* _Task details_
Transcribe only the lines in the data below falling between the line with "施政方針を表明する町長" and the line with "تفاعل من الطلبة", including those two lines, and leave out any picture.

Dataset excerpts:

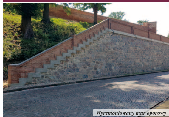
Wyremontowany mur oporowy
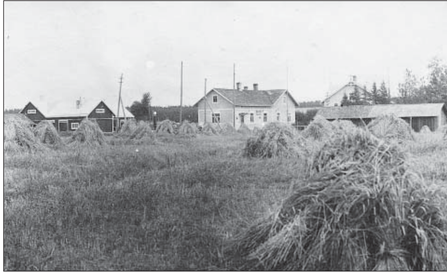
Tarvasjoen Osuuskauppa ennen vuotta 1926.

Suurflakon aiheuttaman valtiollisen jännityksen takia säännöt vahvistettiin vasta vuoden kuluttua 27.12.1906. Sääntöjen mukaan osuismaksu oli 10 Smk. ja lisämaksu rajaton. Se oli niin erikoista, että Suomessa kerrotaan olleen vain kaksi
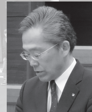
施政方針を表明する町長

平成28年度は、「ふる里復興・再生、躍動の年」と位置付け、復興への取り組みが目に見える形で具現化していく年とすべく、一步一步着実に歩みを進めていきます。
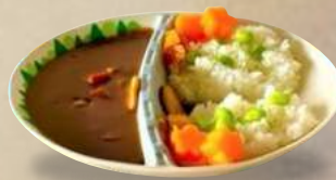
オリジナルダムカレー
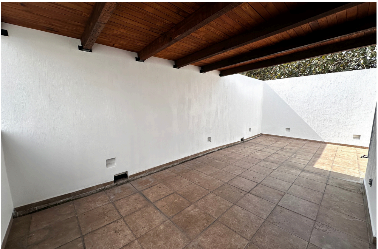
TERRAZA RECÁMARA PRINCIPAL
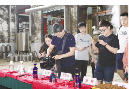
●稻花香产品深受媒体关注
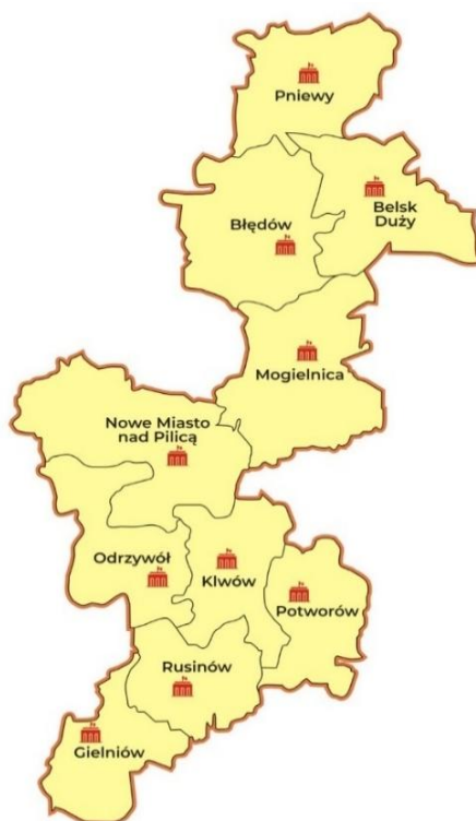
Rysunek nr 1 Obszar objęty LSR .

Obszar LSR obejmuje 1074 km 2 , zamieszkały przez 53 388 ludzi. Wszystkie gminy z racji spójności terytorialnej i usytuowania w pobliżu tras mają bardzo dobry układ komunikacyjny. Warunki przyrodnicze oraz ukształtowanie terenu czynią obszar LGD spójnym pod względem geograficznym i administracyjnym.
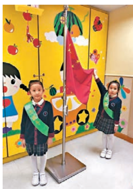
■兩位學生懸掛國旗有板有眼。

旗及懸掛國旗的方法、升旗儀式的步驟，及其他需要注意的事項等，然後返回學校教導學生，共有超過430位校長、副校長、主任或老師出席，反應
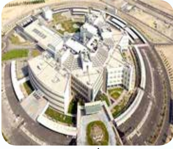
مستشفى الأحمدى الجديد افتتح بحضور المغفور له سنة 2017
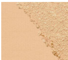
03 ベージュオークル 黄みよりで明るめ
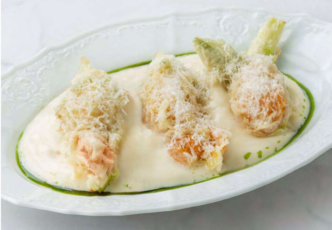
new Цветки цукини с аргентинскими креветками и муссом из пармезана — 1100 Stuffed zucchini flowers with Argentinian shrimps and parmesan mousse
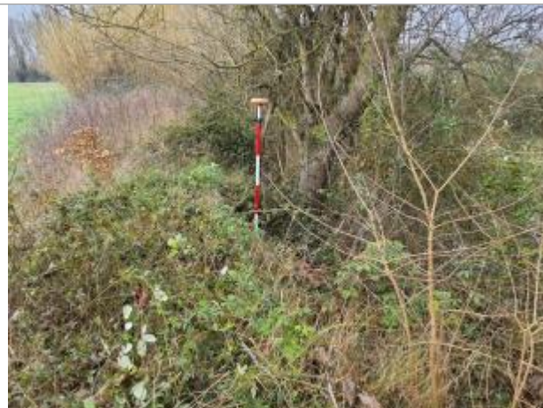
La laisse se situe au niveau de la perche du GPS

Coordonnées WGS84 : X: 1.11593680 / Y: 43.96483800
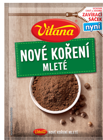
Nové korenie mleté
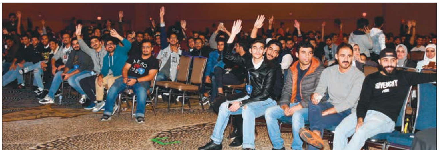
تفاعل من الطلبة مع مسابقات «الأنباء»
--
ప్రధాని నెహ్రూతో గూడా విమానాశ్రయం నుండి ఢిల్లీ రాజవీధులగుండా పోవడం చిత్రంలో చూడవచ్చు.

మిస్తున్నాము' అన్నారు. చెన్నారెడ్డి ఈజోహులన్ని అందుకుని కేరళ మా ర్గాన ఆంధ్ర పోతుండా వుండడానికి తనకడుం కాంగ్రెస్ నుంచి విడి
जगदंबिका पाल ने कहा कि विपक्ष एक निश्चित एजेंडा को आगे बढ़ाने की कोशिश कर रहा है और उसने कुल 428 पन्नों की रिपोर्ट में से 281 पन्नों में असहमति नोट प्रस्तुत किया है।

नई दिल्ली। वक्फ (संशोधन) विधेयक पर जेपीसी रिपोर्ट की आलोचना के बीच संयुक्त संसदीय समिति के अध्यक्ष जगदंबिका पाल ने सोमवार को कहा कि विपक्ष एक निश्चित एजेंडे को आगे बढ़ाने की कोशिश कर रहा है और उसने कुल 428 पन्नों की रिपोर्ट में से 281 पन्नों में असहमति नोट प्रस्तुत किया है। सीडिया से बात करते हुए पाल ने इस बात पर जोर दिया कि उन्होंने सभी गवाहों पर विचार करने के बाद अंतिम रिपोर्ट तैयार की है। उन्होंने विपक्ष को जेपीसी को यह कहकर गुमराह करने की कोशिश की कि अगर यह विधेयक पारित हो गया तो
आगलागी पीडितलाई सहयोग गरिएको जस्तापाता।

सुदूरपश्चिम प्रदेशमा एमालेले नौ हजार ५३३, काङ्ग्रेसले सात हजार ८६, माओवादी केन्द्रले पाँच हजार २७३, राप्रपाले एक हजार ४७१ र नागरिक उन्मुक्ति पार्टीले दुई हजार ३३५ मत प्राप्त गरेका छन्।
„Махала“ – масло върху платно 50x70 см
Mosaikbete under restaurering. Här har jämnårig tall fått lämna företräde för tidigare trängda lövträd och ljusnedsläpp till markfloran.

* _Expected output_
施政方針を表明する町長

平成28年度は、「ふる里復興・再生、躍動の年」と位置付け、復興への取り組みが目に見える形で具現化していく年とすべく、一步一步着実に歩みを進めていきます。
オリジナルダムカレー
TERRAZA RECÁMARA PRINCIPAL
●稻花香产品深受媒体关注
Rysunek nr 1 Obszar objęty LSR .

Obszar LSR obejmuje 1074 km 2 , zamieszkały przez 53 388 ludzi. Wszystkie gminy z racji spójności terytorialnej i usytuowania w pobliżu tras mają bardzo dobry układ komunikacyjny. Warunki przyrodnicze oraz ukształtowanie terenu czynią obszar LGD spójnym pod względem geograficznym i administracyjnym.
■兩位學生懸掛國旗有板有眼。

旗及懸掛國旗的方法、升旗儀式的步驟，及其他需要注意的事項等，然後返回學校教導學生，共有超過430位校長、副校長、主任或老師出席，反應
مستشفى الأحمدى الجديد افتتح بحضور المغفور له سنة 2017
03 ベージュオークル 黄みよりで明るめ
new Цветки цукини с аргентинскими креветками и муссом из пармезана — 1100 Stuffed zucchini flowers with Argentinian shrimps and parmesan mousse
La laisse se situe au niveau de la perche du GPS

Coordonnées WGS84 : X: 1.11593680 / Y: 43.96483800
Nové korenie mleté
تفاعل من الطلبة مع مسابقات «الأنباء»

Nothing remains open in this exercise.